Synopses & Reviews
The editing of Thomas Wolfe's first novel, originally titled O Lost, has been the subject of literary argument since its 1929 publication in abridged form as Look Homeward, Angel. This powerful coming-of-age novel tells the rich story of Eugene Gant, a young North Carolina man who longs to escape the confines of his small-town life and his tumultuous family. At the insistence of Maxwell Perkins, the legendary editor at Charles Scribner's Sons, Wolfe cut the typescript by 22 percent. Sixty-six thousand words were omitted for reasons of propriety and publishing economics, as well as to remove material deemed expendable by Perkins.
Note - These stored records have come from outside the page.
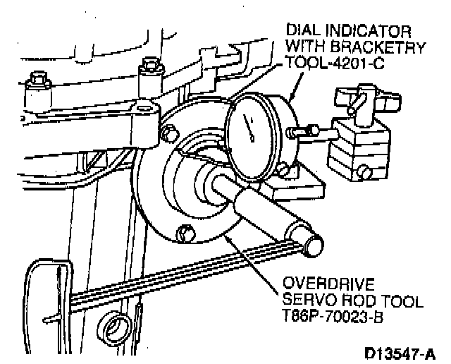 74. Install Overdrive Servo Rod Tool 307-162 (T86P-70023-B) and secure using servo cover bolts. Tighten bolts to 9-12 Nm (80-106 in lb). Install Dial Indicator With Bracketry 100-002 (TOOL-4201-C) or equivalent as shown.
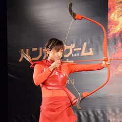 また、カットニスが弓の名手であることから、弓射にもチャレンジ。「本番前にちょっと練習した時は全然出来なかった」と言いつつも、一発で的を射抜くと「いやー良かったです」とホッとしていた。(modelpress編集部)
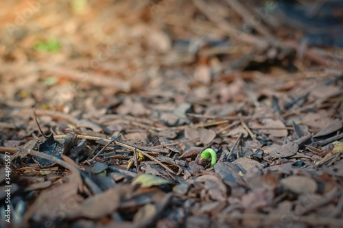 Plant tree growing on dried leaves ground.
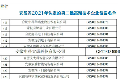 • 入選2022年度安徽省專精特新中小企業 入選2022年度安徽省創新型中小企業名單
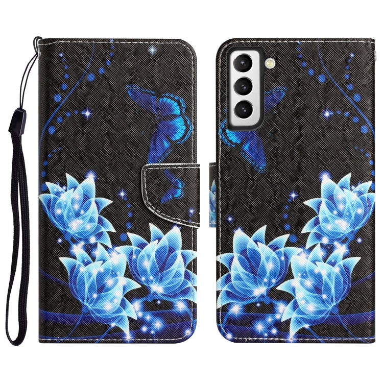 Para Samsung Galaxy S21 FE 5G Estuche para teléfono de cuero con dibujo coloreado (mariposa azul)
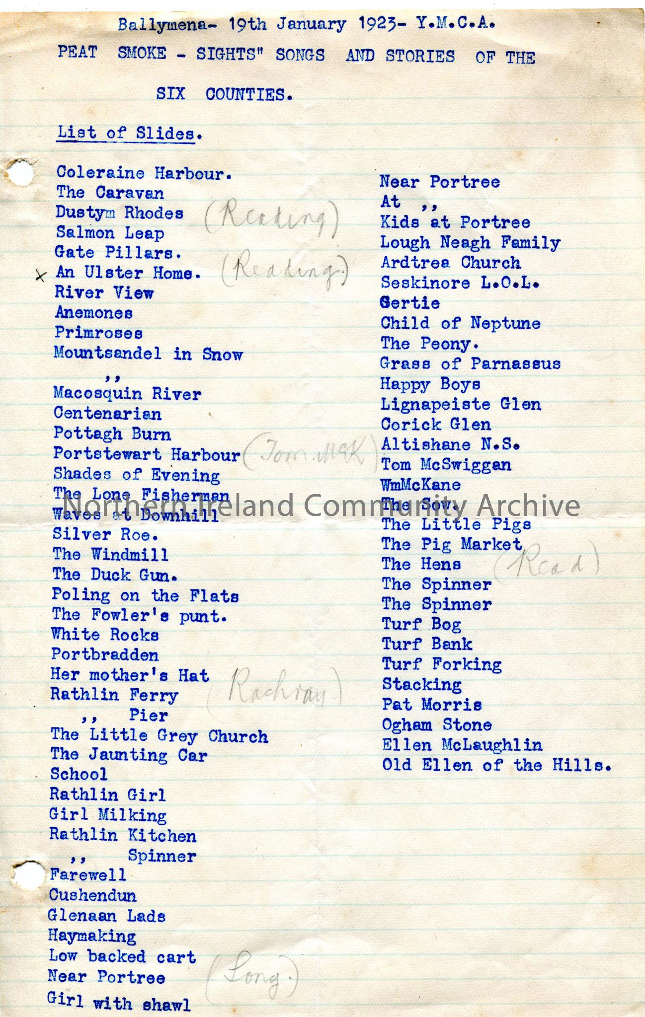 Typed list of slides on lined paper. Titled 'Ballymena - 19th January 1923 - Y.M.C.A. Peat Smoke - Sights Songs and Stories of the Six Counties'. Some slides annotated with 'Reading', 'Tom McK' and 'song' handwritten beside them. Slides mention places of - Coleraine, Mountsandel, Macosquin, Portstewart, Downhill, Portbradden, Rathlin, Cushendun, Portree, Lough Neagh.
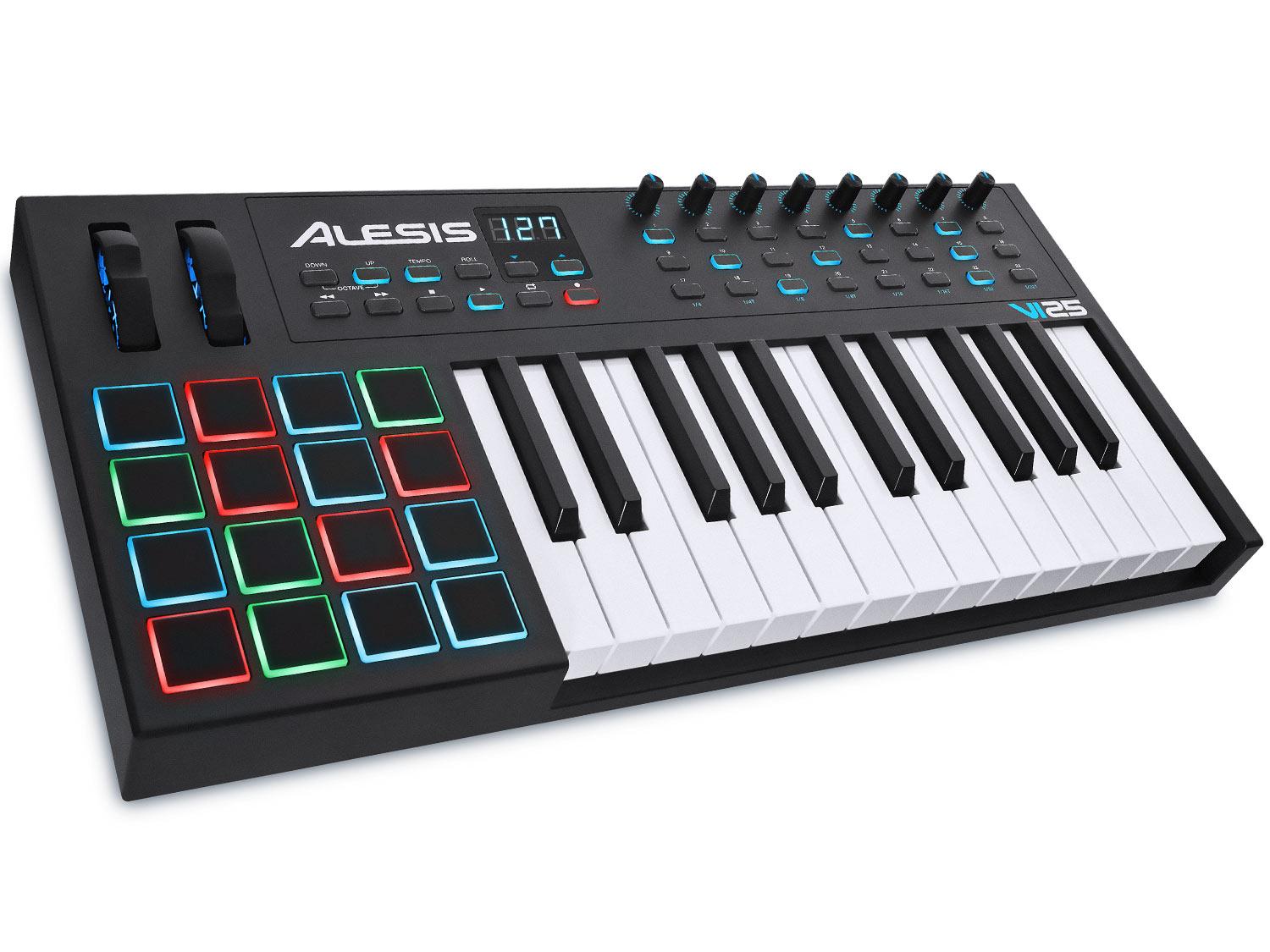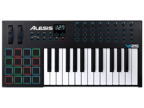 L'Alesis VI25 è una tastiera MIDI/USB a 25 tasti (2 ottave), con 16 pad, 8 potenziometri e 24 pulsanti. Dispone di una tastiera semipesata sensibile alla velocity e all'aftertouch e dispongono di ben 16 pad retroilluminati multicolore (RGB), anch'essi sensibili a pressione (aftertouch) e dinamica (velocity). Tra gli altri controlli troviamo i pulsanti per la trasposizione delle ottave, pitch bend e modulation wheel, 6 tasti per il controllo del trasposto nelle DAW e la presa per il collegamento di un pedale sustain (opzionale). Tanti i potenziometri rotativi MIDI presenti nelle tastiere della serie VI, ognuno dei quali è affiancato da ben 3 pulsanti che inviano messaggi del protocollo MIDI. Oltre alla porta USB, che funge da collegamento MIDI e alimentazione quando si collegano a computer PC e Apple e a device iOS di ultima generazione, nel pannello posteriore delle tastiere della serie Alesis VI troviamo l'uscita MIDI formato DIN e la presa per un eventuale alimentatore di corrente opzionale per l'utilizzo stand alone, utile quando vogliamo usare le tastiere per controllare sintetizzatori, drum machine, campionatori ed expander MIDI hardware.
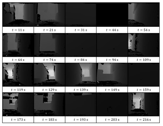 - After signing in, the robot rotated CCW to search for a suitable path, whereupon the depth values increased considerably from the left side to the right side from 44 s to 64 s. This is similar to the records from 94 s to 119 s, 159 s to 173 s, and 193 s to 216 s.
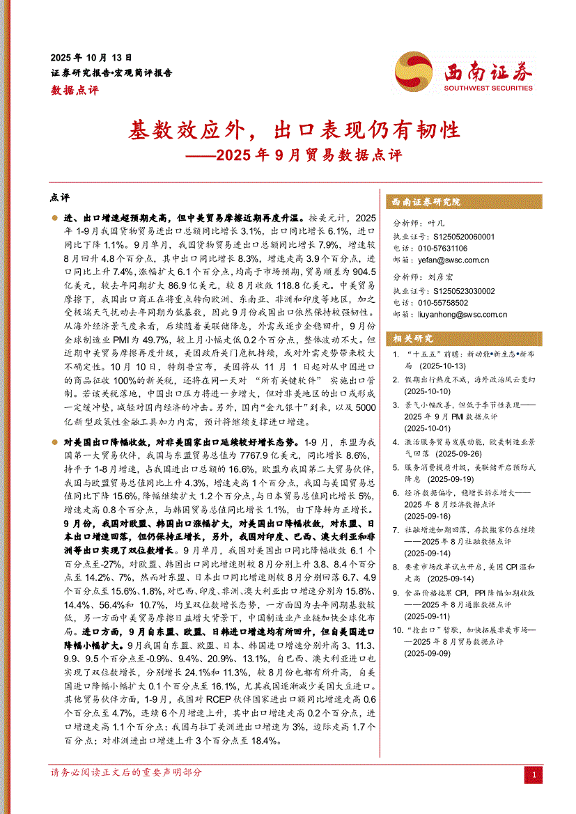 西南证券-2025年9月贸易数据点评:基数效应外,出口表现仍有韧性-251013
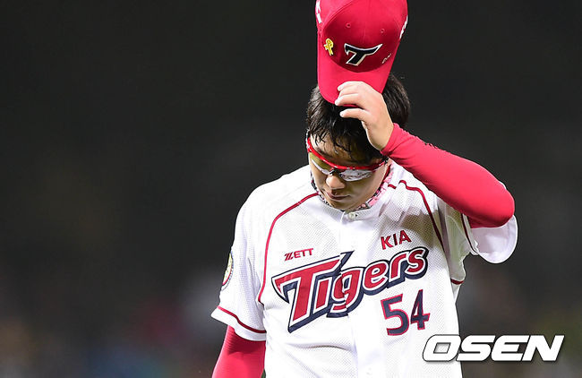 7회초 1사 2루에서 KIA 양현종이 마운드를 내려가며 아쉬워하고 있다.

To be published for the first time on October 3, 2000 -- the centenary of Wolfe's birth -- O Lost presents the complete text of the novel's manuscript.
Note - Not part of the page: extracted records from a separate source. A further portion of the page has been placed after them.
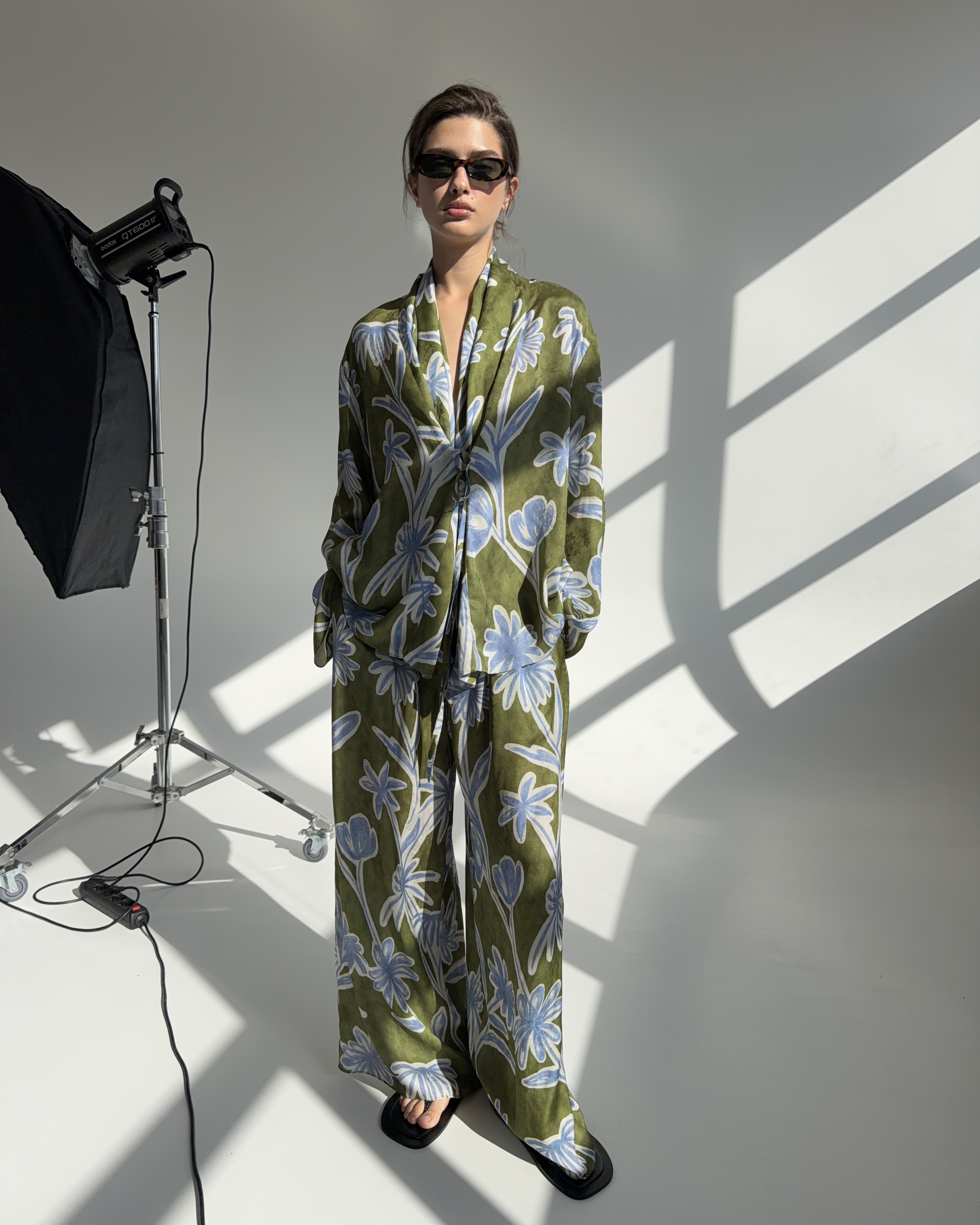 Брюки из вискозы цветы зеленый
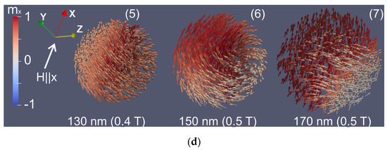 Similar behavior was observed for all particles with diameters larger than 50 nm up to the 130 nm case (Figure 4b). For the MNPs with the diameters below 150 nm, as the field decreases, the magnetization evolves smoothly from uniform saturation to a vortex state via domain wall nucleation, without sudden transitions (Figure 4b,d; the points (6,7)). At zero external magnetic fields, the particles are also characterized by a “core” and “vortex” magnetic structure.
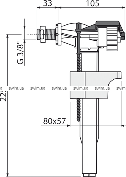 A16M-3/8" - Впускной механизм с боковой подводкой и металлической резьбой для пластиковых бачков и скрытых систем инсталляции
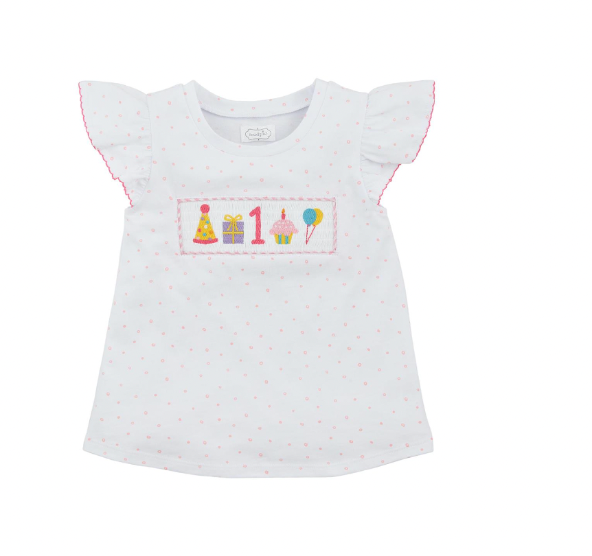 Short sleeve jersey tunic features smocked embroidery chest and flutter sleeves.

For seventy years Wolfe scholars have speculated about the merits of the unpublished complete work and about the editorial process -- particularly the reputed collaboration of Perkins and Wolfe. In order to present this classic novel in its original form as written by Wolfe, the text has been established by Arlyn and Matthew J. Bruccoli from the carbon copy of the typescript and from Wolfe's pencil manuscript. In addition to restoring passages omitted from Look Homeward, Angel, the editors have corrected errors introduced by the typist and other mistakes in the original text and have explicated problematic readings. An introduction and appendixes -- including textual, bibliographical, and explanatory notes -- reconstruct Wolfe's process of creation and place it in the context of the publishing process.